The company noted in its news release that researchers indicated that cyclosporine ophthalmic solution elicited significant improvement in corneal fluorescein staining (CFS, a test used to detect damage to the cornea) and in modified Symptom Assessment in Dry Eye (mSANDE) scores in patients with DED whose disease was uncontrolled on cyclosporine ophthalmic emulsion (Restasis; Allergan, an AbbVie company) 0.05% therapy.1

Researchers conducted a 12-week Phase 4 multicenter study during which patients were given cyclosporine ophthalmic solution twice daily and found it led to improved CFS and mSANDE scores starting at Week 4 of treatment and maintained these improvements through Week 12. Cyclosporine ophthalmic solution offers a high concentration of cyclosporine for ophthalmic use and is the first and only FDA-approved cyclosporine treatment delivered with nanomicellar NCELL technology, which helps to improve the bioavailability of cyclosporine, resulting in improved ocular tissue penetration.

Brittany Mitchell, OD, Head of Medical Affairs, Ophthalmics, at Sun Pharma, lauded the research.

"In addition to the rapid and sustained symptomatic improvement in patients with dry eye disease treated with CEQUA, this study is notable for its design, which allows for use of artificial tears, thus replicating real-world conditions as closely as possible for a controlled clinical trial," Mitchell said in the news release. "The data presented at the American Academy of Optometry meeting represent the first of a series of assessments from this trial, with results thus far consistent with the efficacy, safety, and convenient dosing of CEQUA. We look forward to sharing additional information as we continue to analyze the data from this trial."

Lead investigator Josh Johnston, OD, FAAO, of Georgia Eye Partners in Atlanta, Georgia, said researchers were encouraged to observe significant improvements in dry eye signs and symptoms as early as 4 weeks into treatment with the solution and to see even greater improvements at 8 weeks and again at 12 weeks.

“By assessing corneal fluorescein staining in all five zones of the cornea, we were able to attain a more complete characterization of corneal health than in many dry eye disease trials, which typically assess only a few corneal areas,” Johnson said in a news release.

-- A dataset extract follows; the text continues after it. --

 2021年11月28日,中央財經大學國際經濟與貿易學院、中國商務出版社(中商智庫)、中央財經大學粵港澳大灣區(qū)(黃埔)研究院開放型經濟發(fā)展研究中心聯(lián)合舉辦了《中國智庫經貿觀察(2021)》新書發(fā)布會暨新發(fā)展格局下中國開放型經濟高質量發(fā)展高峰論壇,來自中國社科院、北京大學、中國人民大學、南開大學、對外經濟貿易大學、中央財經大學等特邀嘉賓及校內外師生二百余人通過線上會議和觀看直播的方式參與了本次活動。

The company noted its study enrolled adults with DED inadequately controlled (i.e., still symptomatic and/or exhibiting disease signs) on current cyclosporine ophthalmic emulsion therapy for at least 3 months, and who had a history and clinical diagnosis of DED for at least 3 months before screening/baseline. Patients received one drop of CEQUA in each eye twice daily for 12 weeks. Investigators assessed CFS and mSANDE scores at baseline and at Weeks 4, 8, and 12, and/or upon early discontinuation from the study.

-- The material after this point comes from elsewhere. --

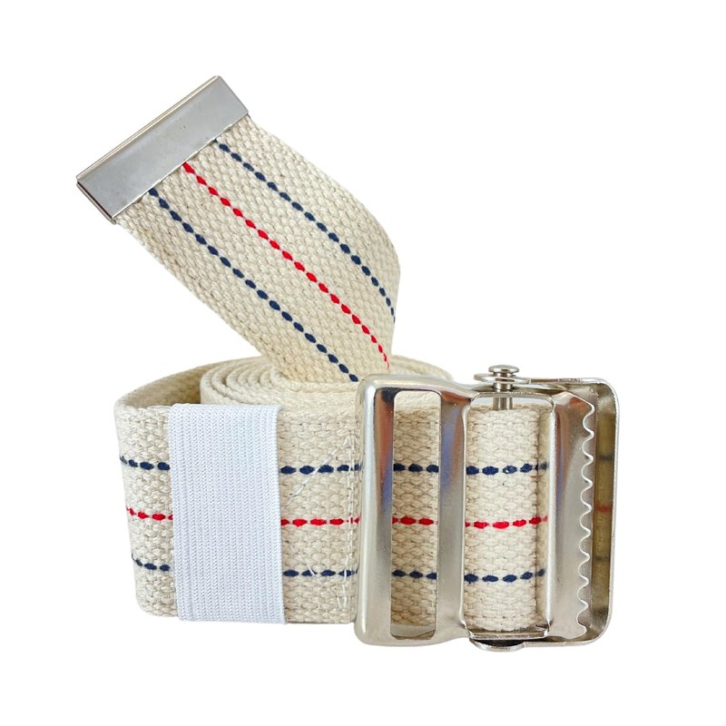 The Secure Safety Solutions SGBM-60S 60"W x 2"L beige striped gait belt with high-tensile metal buckle is an essential transfer and walking safety aid for nurses and caregivers. It's designed to assist in walking or transferring fall-risk patients, residents, and loved ones, while also preventing caregiver injury. With an adjustable length of up to 60 inches and a weight capacity of 400 lbs, this gait belt is built to last. Personal Safety Corporation is committed to producing top-quality elderly fall prevention and patient safety products at unbeatable prices. Trust in our brand, trusted by professional care facilities in the US, Canada, and Europe since 1991.

Moreover, the company noted CFS was scored on a 0-4 grading scale in 0.5-point increments, with a score of 0 indicating no stain (i.e., healthy cornea) and a score of 4 reflecting a severe stain; investigators calculated a total CFS score by summing all five corneal area scores. The mSANDE questionnaire assessed frequency and severity of DED symptoms of dryness and irritation on a 0-100 scale, with 0 representing very low frequency/severity and 100 indicating very high frequency/severity.

Researchers offered results from 124 patients in the modified intent-to-treat (mITT) population. The mean age of the patients was 65.5 (11.6) years; 110 of the patients (88%) were female. The mean (SD) total CFS score was 5.7 (3.37) at baseline, and improved significantly (P < 0.0001) to 4.0 (3.12) at Week 4, 2.9 (2.54) at Week 8, and 2.7 (2.36) at Week 12. Similarly, the mean (SD) mSANDE score was 67.1 (21.05) at baseline and improved significantly (P <0.0001) to 48.4 (23.31) at Week 4, 44.2 (24.28) at Week 8, and 38.3 (25.99) at Week 12.

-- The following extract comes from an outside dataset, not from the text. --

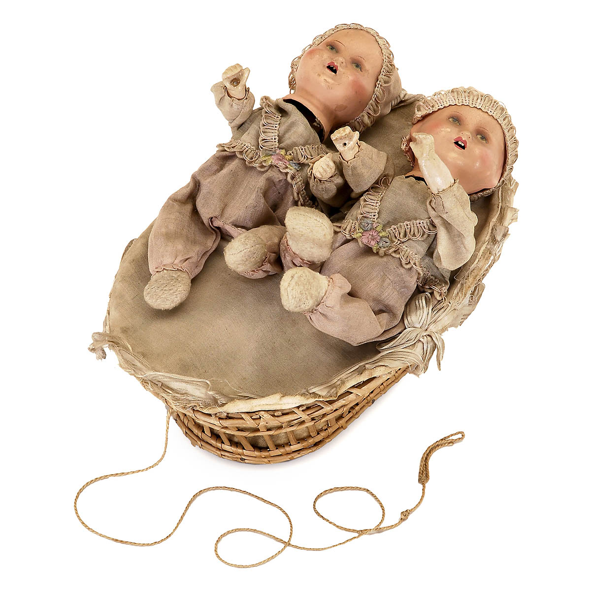Germany, twin babies with original costumes, articulated composition heads, arms and legs, in bassinet basket with bright red wheels on the underside, lg. 11 in. (28 cm).

Researchers also indicated cyclosporine ophthalmic solution 0.09% was generally well tolerated in the study, consistent with its established safety profile, and there were no new safety signals in the trial. Overall, 58 patients (43.3%) reported at least one treatment-emergent adverse event (AE); most AEs were mild in severity (73.8%). The most common treatment-related AEs were instillation site irritation and instillation site pain; all other treatment-related AEs occurred in fewer than 2% of patients.

Johnson presented data at the American Academy of Optometry 2023 annual meeting in New Orleans, Louisiana.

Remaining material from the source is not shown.